Abstract
Retrograde axonal transport requires an intricate interaction between the dynein motor and its cargo. What mediates this interaction is largely unknown. Using forward genetics and a novel in vivo imaging approach, we identified JNK-interacting protein 3 (Jip3) as a direct mediator of dynein-based retrograde transport of activated (phosphorylated) c-Jun N-terminal Kinase (JNK) and lysosomes. Zebrafish jip3 mutants (jip3nl7) displayed large axon terminal swellings that contained high levels of activated JNK and lysosomes, but not other retrograde cargos such as late endosomes and autophagosomes. Using in vivo analysis of axonal transport, we demonstrated that the terminal accumulations of activated JNK and lysosomes were due to a decreased frequency of retrograde movement of these cargos in jip3nl7, whereas anterograde transport was largely unaffected. Through rescue experiments with Jip3 engineered to lack the JNK binding domain and exogenous expression of constitutively active JNK, we further showed that loss of Jip3–JNK interaction underlies deficits in pJNK retrograde transport, which subsequently caused axon terminal swellings but not lysosome accumulation.

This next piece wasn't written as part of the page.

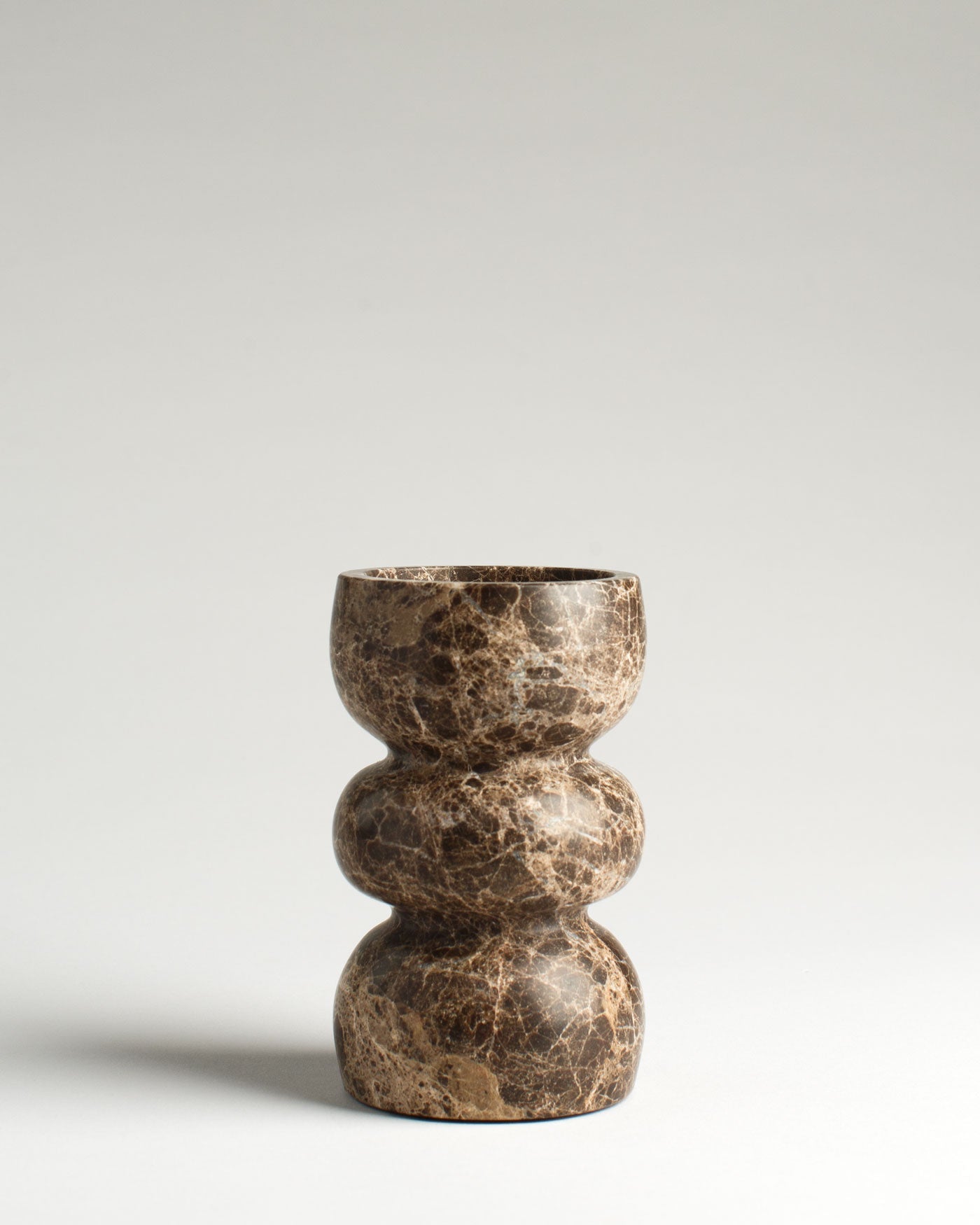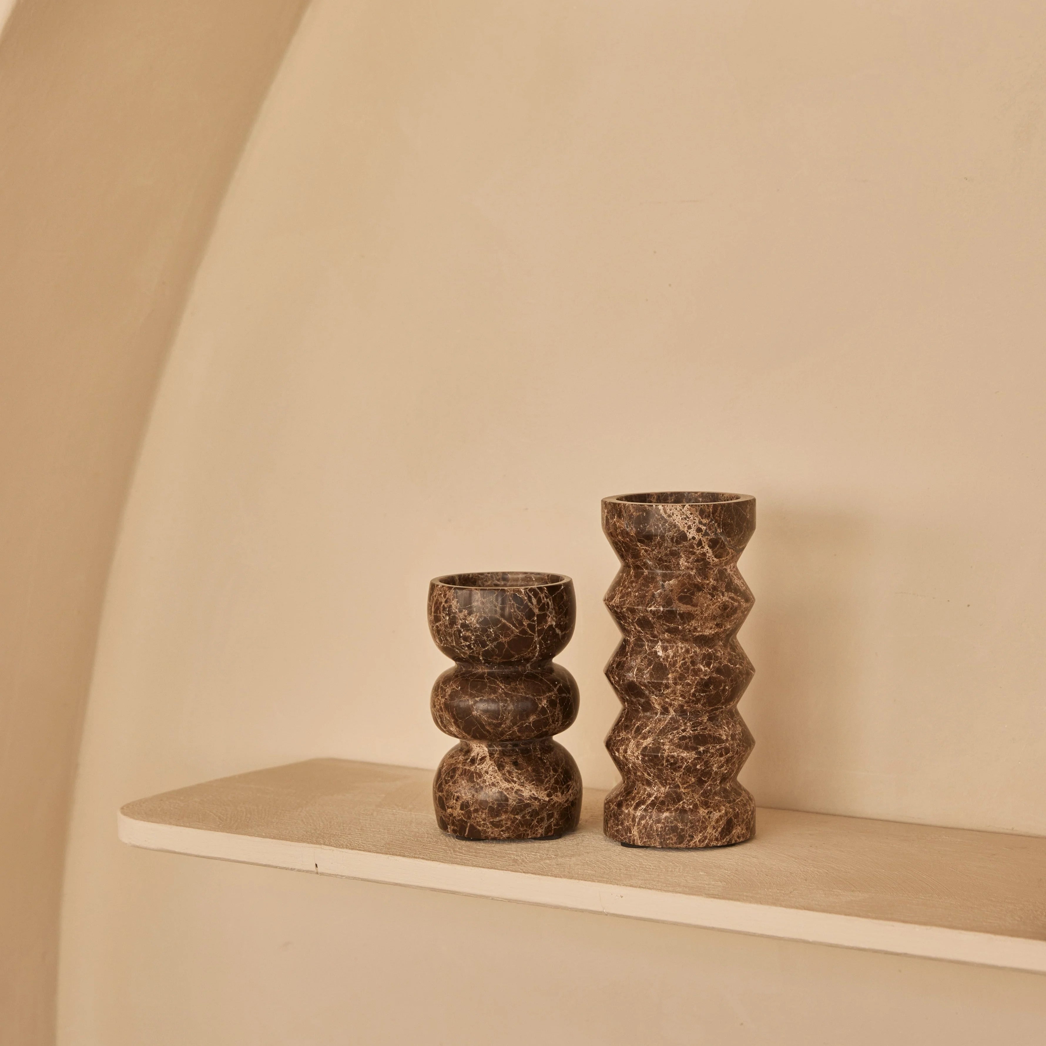 Ljusstaken Yubí i mörkbrun marmor är en prydnad för hemmet – varje bit är unik med sina naturliga ådringar. Med sin mattade yta och tunga känsla blir den ett konstnärligt inslag i ditt hem.

Lysosome accumulation, rather, resulted from loss of lysosome association with dynein light intermediate chain (dynein accessory protein) in jip3nl7, as demonstrated by our co-transport analyses. Thus, our results demonstrate that Jip3 is necessary for the retrograde transport of two distinct cargos, active JNK and lysosomes. Furthermore, our data provide strong evidence that Jip3 in fact serves as an adapter protein linking these cargos to dynein.
Highlights
Active transport of proteins and organelles between the neuronal cell body and axon terminals is necessary for the formation and maintenance of functional neural circuits
As Jun N-terminal Kinase (JNK)-interacting protein 3 (Jip3) has been shown to interact with members of the anterograde and retrograde motor complexes [11,12,13,22,23] and interruptions in transport have been associated with axon swellings like those observed in jip3nl7 [24,25], we focused our investigations on the potential function of Jip3 in axonal transport
We found that increased pJNK levels by expression of constitutively active form of JNK3 (caJNK3) correlated with the presence of axon terminal swellings (Figure 6F)
Summary
Active transport of proteins and organelles between the neuronal cell body and axon terminals is necessary for the formation and maintenance of functional neural circuits. Anterograde (to axon terminals) and retrograde (to the cell body) transport rely on motor proteins of the Kinesin and Dynein families respectively. These motors use the energy of ATP hydrolysis to walk along microtubule tracks, carrying cargo to its proper destination. It is tempting to speculate that the use of distinct adapter proteins may confer specificity to motorcargo interactions in the dynein motor system. Despite their importance for the understanding of dynein-based cargo transport, the identity of specific dynein cargo adapters is dramatically lacking [5]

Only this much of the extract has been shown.